Desde el punto de vista sistémico, las recaídas en las adicciones
son frecuentes porque el consumo forma parte de los patrones
estables y conocidos de interacción, aunque sean dañinos. Una
adicción siempre expresa una disfunción familiar, puesto que no sólo
el portador del síntoma –quien bebe– sino todos los demás miembros
están implicados en y afectados por el consumo. Se puede decir de
las familias con un miembro alcohólico que gran parte de la vida
familiar se organiza en torno la conducta de beber. En verano solo se
va a playas con chiringuito, por ejemplo. No se molesta a papá
cuando está bebido. Se hacen por él las tareas que no puede asumir
por culpa de su adicción.
Los terapeutas familiares entienden que cualquier problema clínico,
adicciones incluidas, es la mejor forma posible que posee una familia
en un momento determinado para gestionar otro problema. No se
trata de una cuestión de voluntad consciente, sino de algún círculo
vicioso del que el consumo forma parte fundamental. En contra de la
idea general de que el consumo de alcohol rompe las relaciones
familiares, estadísticamente puede afirmarse que las familias con un
miembro alcohólico son más estables, o al menos existen entre ellas
tasas de separación y divorcio inferiores (Steinglass, et al., 2001). El
consumo tiende a estabilizar los patrones y los lazos familiares,
aunque sea de una forma perversa. Además, en periodos de
abstinencia la familia al completo se ve obligada a elaborar unas
reglas nuevas de funcionamiento que consigan al final un equilibrio
nuevo y distinto al que había (Albrecht, 1997), y eso puede resultar
enormemente costoso.
Los demás actores de la trama alcohólica representan su propio
papel. La pareja del bebedor espera que su voluntad sea fuerte y
pueda controlar el consumo. Intenta ayudarlo, por ejemplo
destruyendo el alcohol que hay en casa. Pero el bebedor suele
encontrar escondites más refinados. Así demuestra el bebedor su
autonomía, en una retroalimentación tipo “más de lo mismo”

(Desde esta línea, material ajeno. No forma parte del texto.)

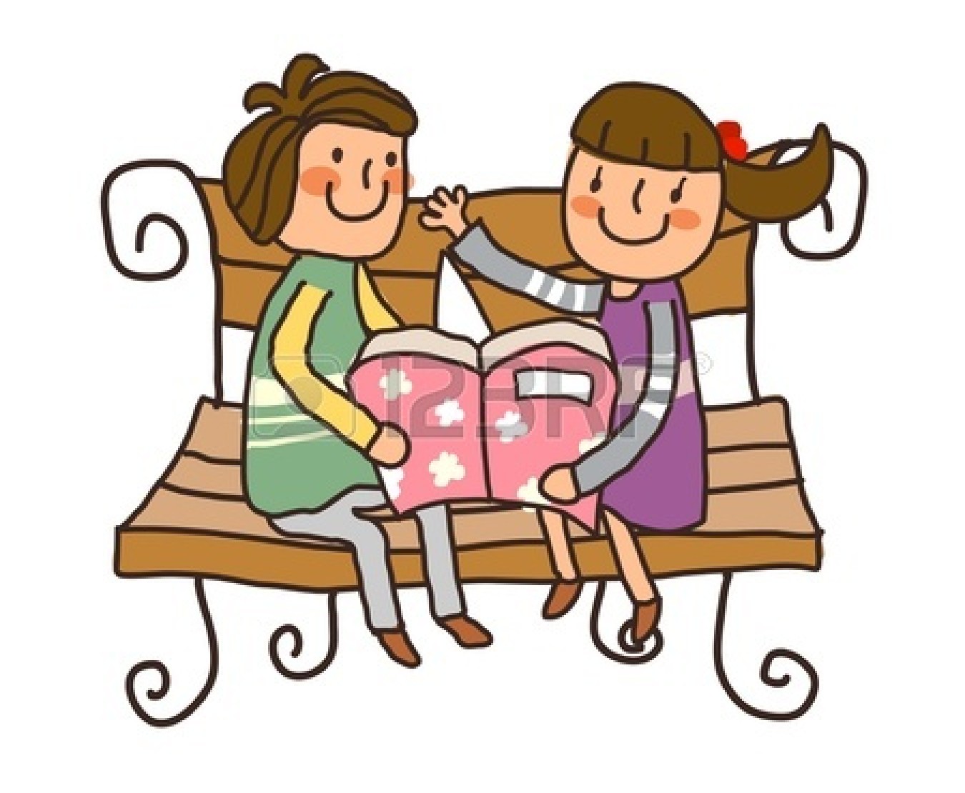 Boy and girl reading clipart: Boy And Girl reading book on

(correctivos para que el bebedor no beba) que tiene el efecto “más de
lo otro” (seguir bebiendo). A veces se resume en un sencillo «te
controlo porque bebes, bebo porque me controlas».

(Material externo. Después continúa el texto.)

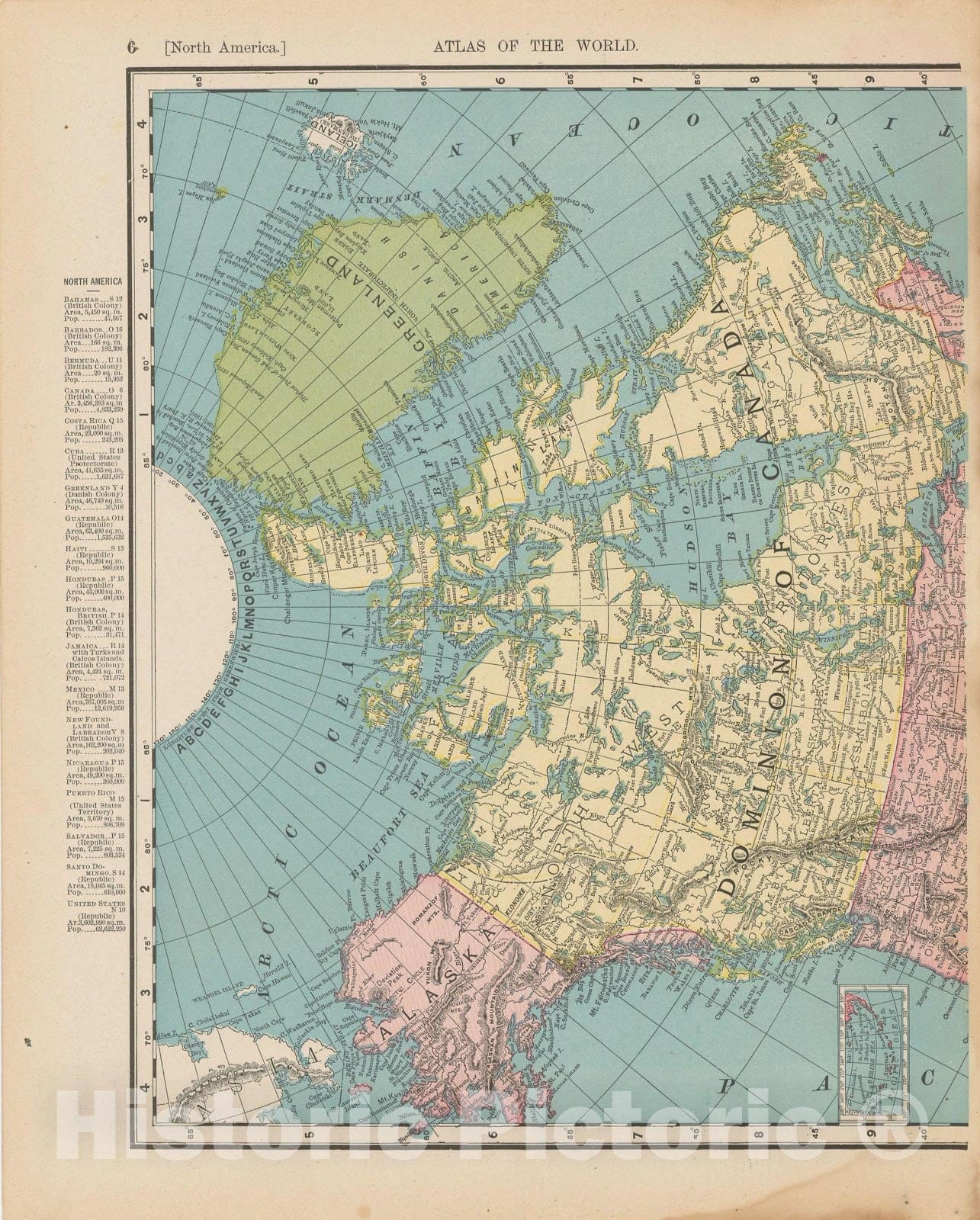 Historic Map : North America 1900 , Universal Atlas World , Vintage Wall Art

Cuando se analizan las adicciones desde el punto de vista familiar
intenta llegarse más allá de este círculo superficial para encontrar la
función que cumplen como reguladoras de la vida familiar. El
consumo excesivo de alcohol es un instrumento que confiere enorme
poder al bebedor. Por un lado, quien bebe puede permitirse
comportamientos vetados para los demás, pues durante la
intoxicación uno no es responsable de lo que hace y dice. Puesto que
el problema de la bebida es grave, el bebedor recibe mucha atención
de la familia, lo que incluye asumir sus responsabilidades y tareas. Y
aunque parezca paradójico, estabiliza las relaciones de pareja porque
despista de otros conflictos, muchas veces por miedo a provocar el
consumo, o simplemente porque el problema del consumo es más
grave y ensombrece los demás. Quizá esto explique la estabilidad de
las familias con un miembro alcohólico de larga duración.

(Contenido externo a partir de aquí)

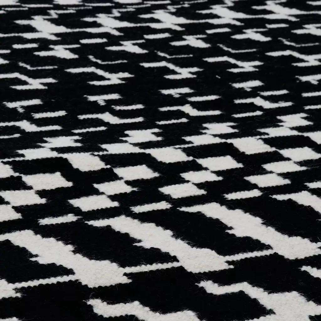 This work of design is part of the Fuoritempo collection which is a collection inspierd by musical rythms. The Fuoritempo Carpet presents an elegant combination of black and white. The lightness of a traditional Kilim s combined with the strength of contemporary visual design.
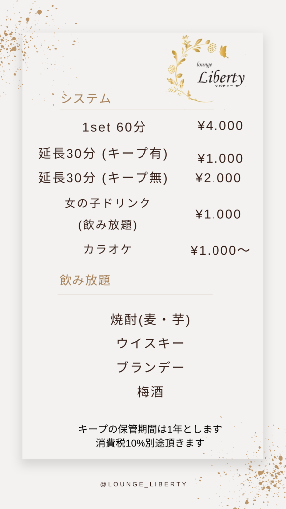 “宇部新川駅から徒歩1分。宇部で、新川で飲むなら、ぜひ当店リバティへお越しください。 20歳から28歳の可愛い女の子たちがあなたをお待ちしています!ママは44歳です
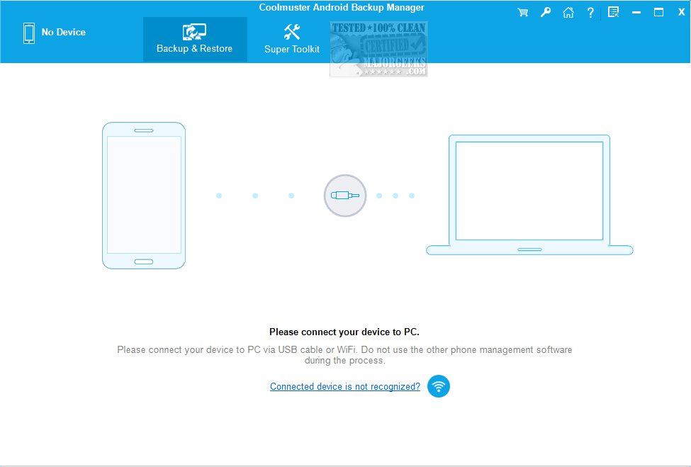 The main window of Coolmuster Android Backup Manager is designed with user-friendliness in mind. It is intuitively crafted to cater to individuals with varying levels of PC proficiency, ensuring that even those with limited technical skills can easily comprehend and utilize its functions. The interface presents users with two primary options: the ability to create a backup of their device's data and the option to restore information from a previously saved backup. This clear and straightforward approach simplifies the process, empowering users to manage their Android data with confidence and ease.

En el caso de Carlota y Julián, ella se encuentra ante la decisión de
seguir con la carga que supone la bebida o romper la relación. Un
terapeuta sistémico se interesaría tal vez por las cosas que podría
hacer Carlota durante los próximos dos fines de semana para
provocarle a Julián un exceso de bebida, y quizá le pediría como
tarea entre sesiones que lo intentara al menos una vez. Si Julián
estuviera también presente en la consulta, podría recibir la indicación
de averiguar, de entre todas las cosas que Carlota haga durante los
fines de semana, cuáles de ellas son “los deberes”, es decir, cuales
están deliberadamente destinadas a hacerle beber (este es un
excelente ejemplo de cómo una prescripción a dos implicados en el
mismo problema es incomparablemente más potente que la
prescripción a uno solo de ellos). La situación en la que les coloca el
terapeuta con este mandato desmantela el trascurso habitual de la
conducta de beber de Julián, lo que obliga a ambos a posicionarse
ante el problema de una forma diferente. De esa nueva posición
dependerá lo que ocurra en la sesión siguiente.

[8] El concepto de psicopatología como pobreza en las posibilidades de reacción no es


exclusivo de las terapias humanistas. La terapia ACT lo recoge y sistematiza con el nombre
de trastorno de evitación experiencial (Luciano y Hayes, 2001).